“Do not lie to one another, since you have put off the old man with his deeds…” Colossians 3:9

The Lie

I told a lie today. To be sure, it didn’t hurt anybody; in fact, I told it to protect somebody. Someone asked me a question and I had the answer, but I knew I needed to keep the information private, so I said I didn’t know.

Just a teensy lie… to protect someone… and it wasn’t my story to tell in the first place… and this person shouldn’t have asked for this information… and I feared once this person knew that I was privy to certain information, they would continue to ask more questions that I also should not answer…but no one got hurt, after all…

How easy it is to excuse ourselves! Our faithful God spoke quietly in my ear later in the day (or at least that’s when I finally listened to Him.) He said, “Why don’t you trust Me?” Oh! I do, Lord! I do trust You! Why, I’ve trusted You all these years, through thick and thin!

But Adam and Eve floated around in my head. Two people in a perfect world who did not trust God. His “don’t” wasn’t enough for them. His presence wasn’t enough for them. They didn’t trust Him to tell them the truth. They wanted what they’d been denied, because then… then… their eyes would be opened! They’d really know things if God hadn’t denied this one thing.

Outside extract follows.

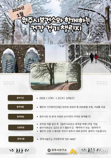 원주시보건소는 새해를 맞아 보건소와 함께하는 1월 건강 걷기 챌린지를 운영한다.
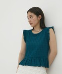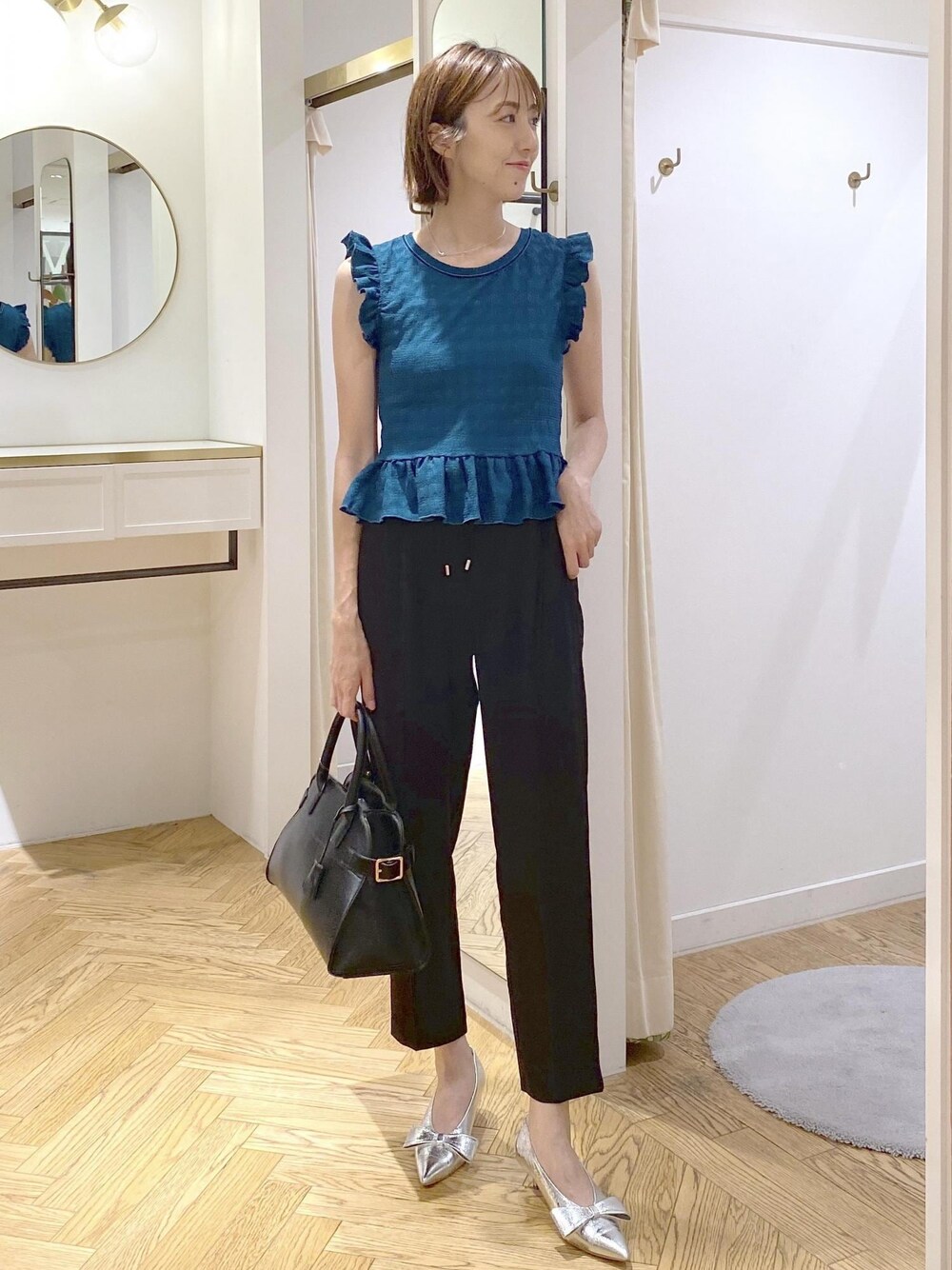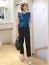 お仕事着にもオススメなフリルトップスが入荷しました。 キレイめテーパードパンツと合わせて夏の通勤コーデにしました♪

I repented for not trusting God. If I had trusted God, I would told the truth without lying, and left the outcome in His hands. When I lie instead of tell the truth, I take the situation out of God’s hands and put it in my own. I become the caretaker of the situation, the decider of outcomes, the defender of my reputation in the eyes of man.

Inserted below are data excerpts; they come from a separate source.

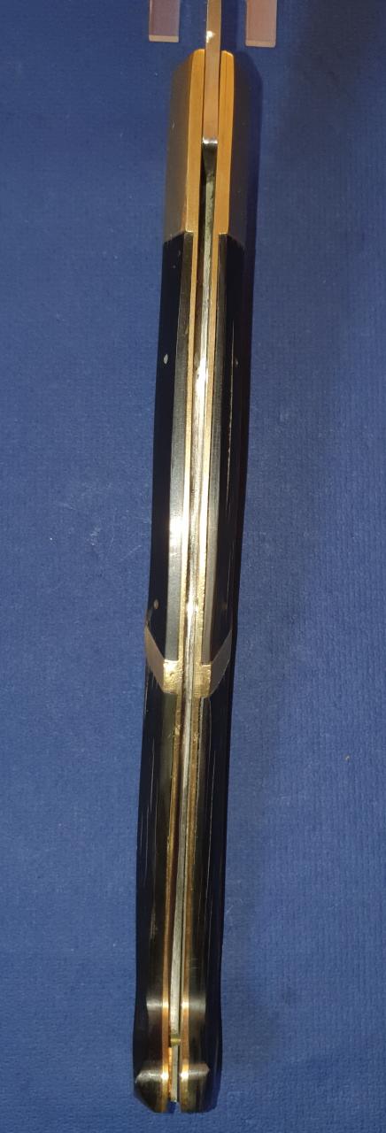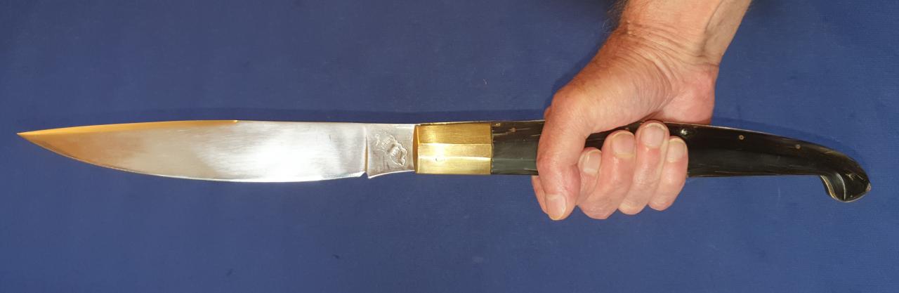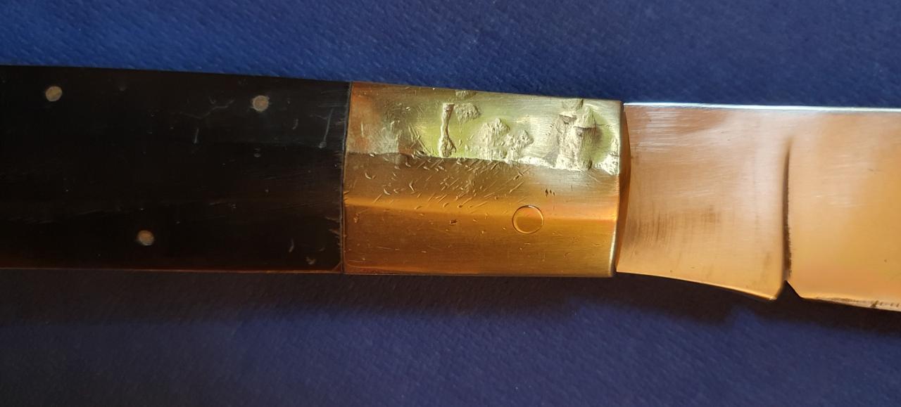 There are scratches and dents especially to one of the brass bolsters and seemingly a repair/restoration to one of the presumably muflon horn handle scales. The blade which is very sharp shows sharpening traces at the edge. There are also fine crevices at the horn scales. Over 50 cm opened, blade 23 cm, a little bit under 27 cm closed. 572 gram. Asking price is 250,- Euro plus shipping. Contact me by email: deuterdetlef@gmail.com |
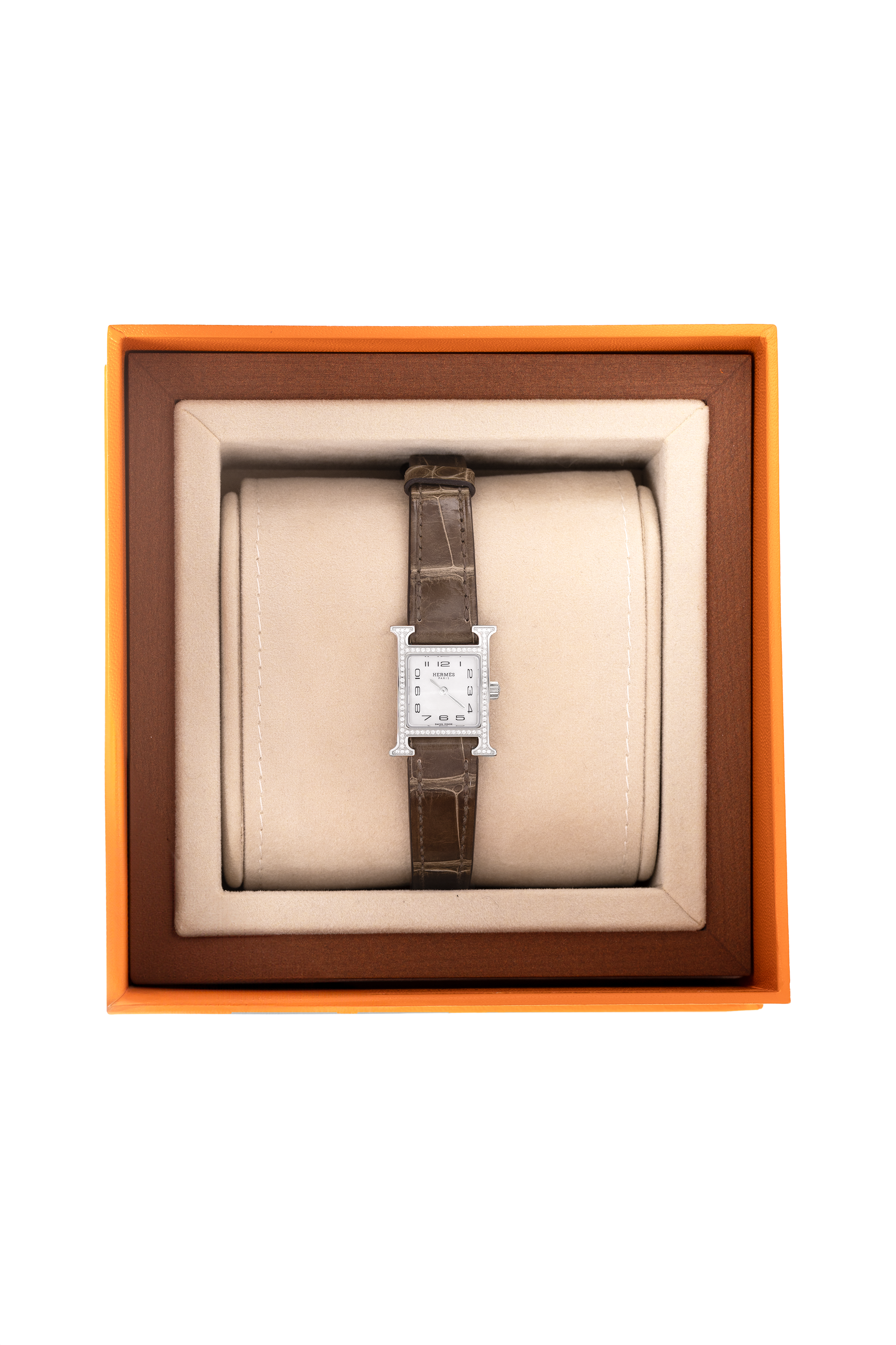 Hermès Heure Watch in Diamond-Set Stainless Steel with Gris Éléphant Alligator Strap
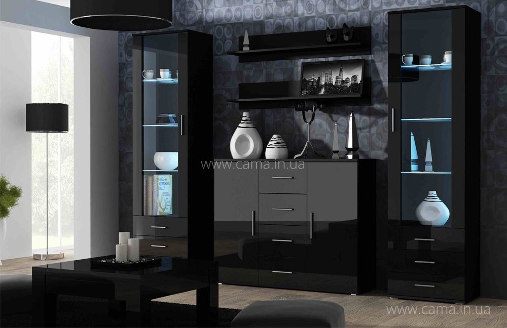 Soho 3 - одна из самых красивых комбинаций элементов модульной системы Сохо фабрики Кама, в данный комплект входят две высокие витрины, навесные полки, и комод.
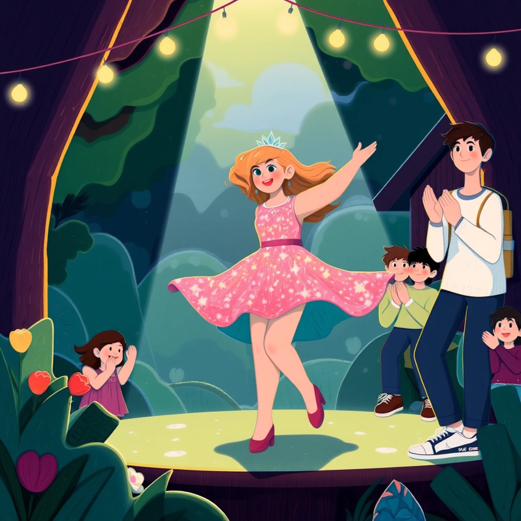 [Bianca](M9Q6BWXL) performed her heart out, singing her favorite princess songs and twirling beautifully. Everyone cheered, filling her heart with joy.

I could have told the truth. I could have said, “Now, you know I can’t tell confidential things.” Or, “They will talk about it when they’re ready.” There—it would have been the whole truth, though I admit I remembered the times I’ve been told effectively to mind my own business, and I know it hurts (even when I should have minded my own business.)

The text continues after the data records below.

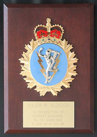 A plaque for Communications and Electronics Branch. This example was presented to Major Bill Blondon by 712 Communication Squadron in 1984.
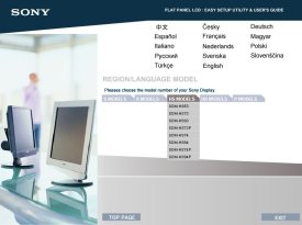 Den medföjande CD-skivan passar till samtliga Sonys akutella modeller, du väljer helt enkelt modell och språk och får fram en meny med drivrutniner, manual, olika verktyg mm, se bild nedan. Här finns inget att anmärka på, alla program du kan tänkas behöva finns även med på skivan (Acrobat Reader, Shockwave mm).
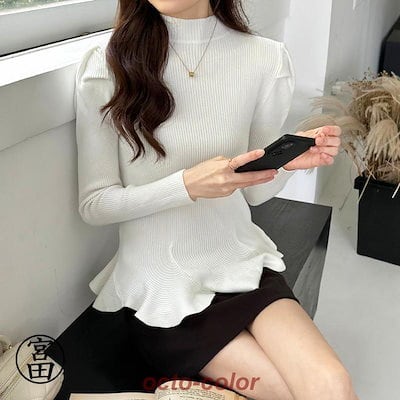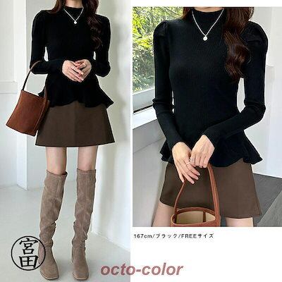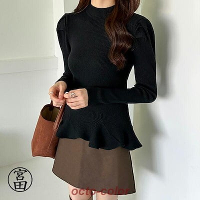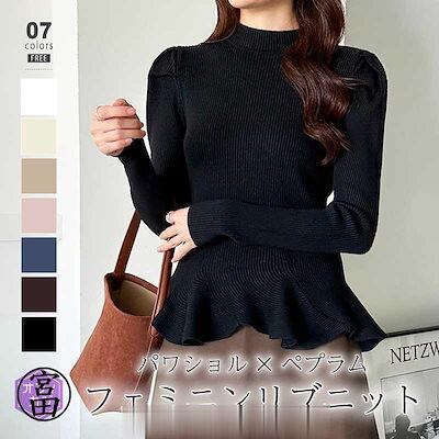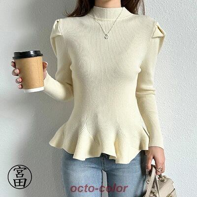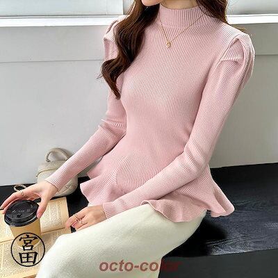 冬の暖かさ!ペプラム ニット チュニック トップス 長袖 レディース リブニット ハイネック フリル パワショル パワショルトップス パワショルニット ニットセーター パフ
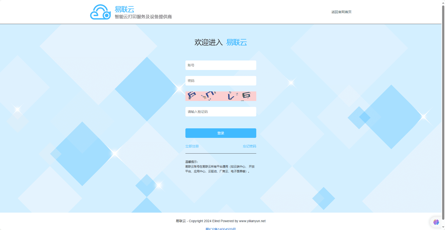 1.打开易联云官网https://yilianyun.10ss.net,输入账号密码登录。
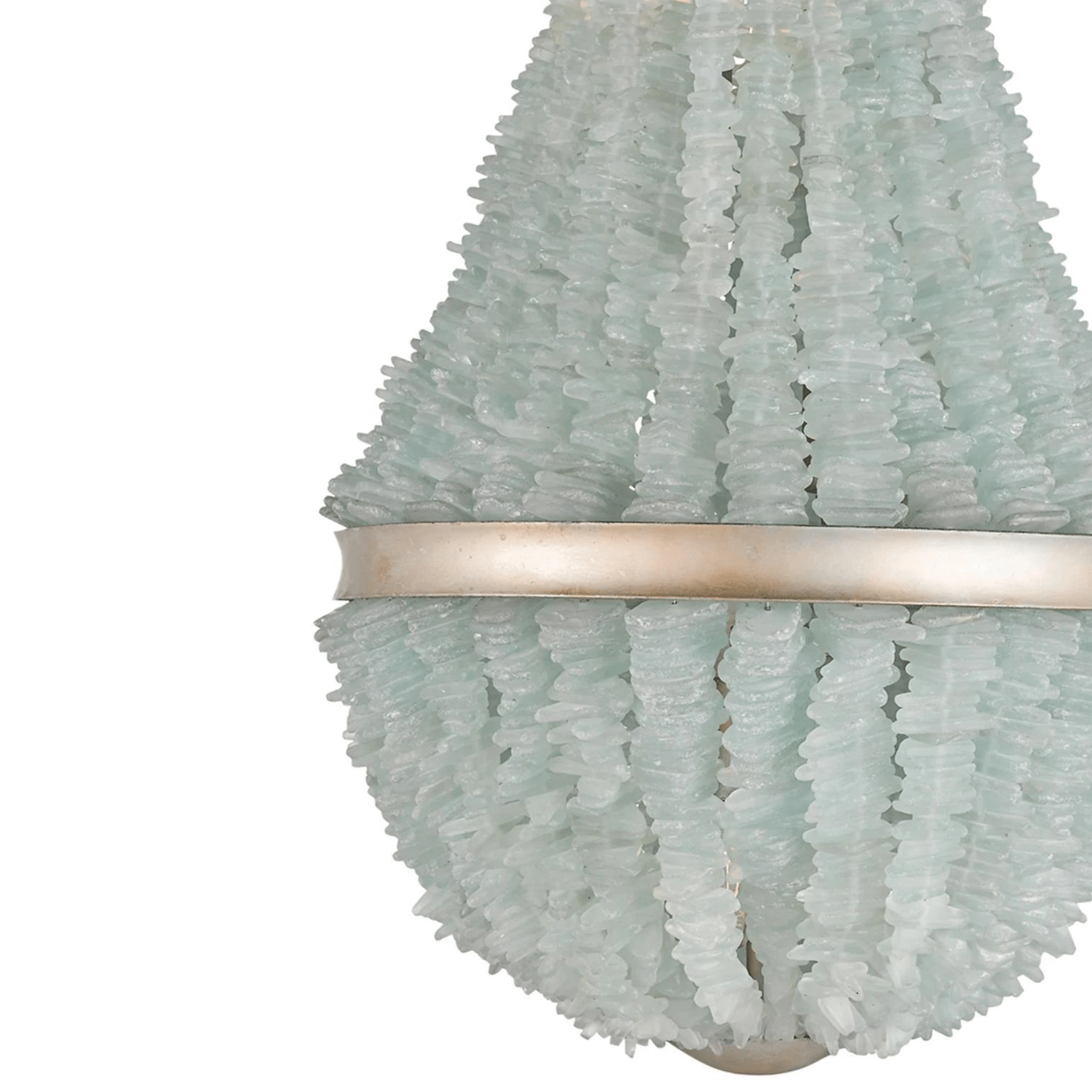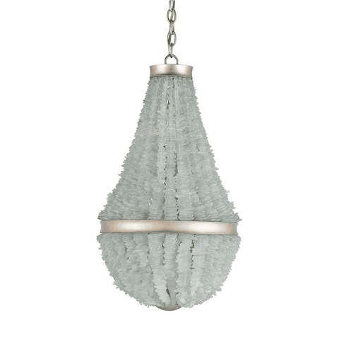 Organic materials inspired the Southborough Sea Glass Chandelier because it's encrusted with carefully chosen natural sea glass embellishments. The material is earthy while the classic silhouette and the contemporary silver leaf finish are formally sophisticated. The finish and the sea glass combined make this a gleaming luminary.

Trusting Him means we do what He’s asked us to do, without regard to how our words are received, without regard to our reputation, without considering whether we will be perceived as a nice person. I trust Him to take care of me when I walk in obedience to His Word. I can say what needs to be said in a kind way… and I can and should tell the truth while I say it.

“Lord, forgive us for excusing our sin. By the prompting of Your Spirit, may we always be ready to tell the truth—in a kind, gentle way. In Jesus’ Name, Amen.”